The deal has not been made official yet, however, the reports suggest that it will be announced in coming weeks.
Alipay, the payments affiliate of Alibaba, along with investment firm SAIF Partners, have also participated in this fresh funding which is expected to value the online marketplace at over $1 Bn.
With this development, “The Alipay-Alibaba combine will now own over 50 per cent in the unit. The online marketplace business will either be called PayTM Mall or PayTM Bazaar,” said the person who estimates the business has annualised gross merchandise value (GMV) of about $1 Bn.
For Alibaba, entering the Indian market will mark an expansion of its global footprint. It will also offer a chance to grab a slice of one of the world’s most attractive and largest markets for online retail, which was worth around $14 to 16 Bn at the end of 2016, up from about $11 Bn in 2015.
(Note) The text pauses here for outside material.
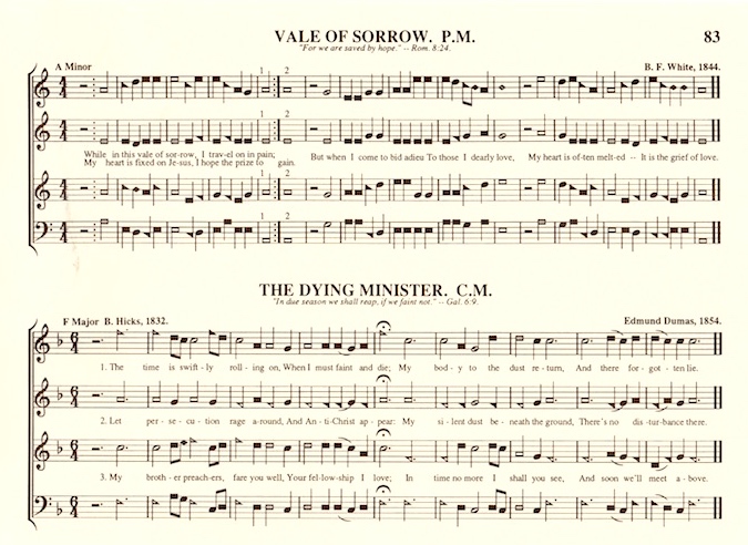 But… there is a resource, the excellent Sacred Harp Concordance (1992, keyed to the 1991 edition of the book). There, we discovered not one, but three, songs with Antichrist in them. Well, three settings of the very same text (with the first two verses above), in which nothing whatsoever, not even the appearance of the Antichrist at the End of Times, will disturb the silence of the singer’s remains.
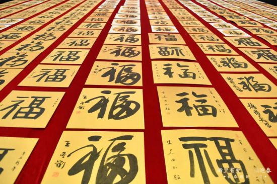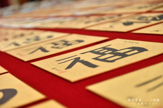 活動現場,書法之美溫暖人心。省書法家協會主席趙雁君,省書法家協會副主席兼秘書長何滌非,省書法家協會副主席、中國美院副院長沈浩,省書法家協會副主席胡小罕,省女書法家協會主席李軍,省書法家協會主席團委員兼副秘書長王義驊,省書法家協會主席團委員江吟、黃建新、黃壽耀、李硯,省書法家協會副秘書長王自力、陳峰、何來勝,省書法家協會理事朱長根、朱大焱、牟建閩、張球、蔣采、毛志良、林應輝等知名書畫家潑墨成福,以真、草、隸、篆、行等多種字體,創作出一幅幅各臻佳境的福字。

Earlier, the company was expected to begin its own business in India as TMall – its business-to-consumer brand in China. Paytm is now expected to spin off the ecommerce business into a new mobile application and a separate website this month. Also, Alibaba now has an advantage in the B2B sector as there aren’t too many competitors.
Also, Paytm transferred its wallet licence to the payments bank unit last year, which is expected to launch operations in the next few months. Sharma owns a 51% stake in the payments bank while the rest is owned by One97 Communications. One97 Communications was valued at over $5 Bn the last time it raised about $60 Mn from new investor Mediatek last year.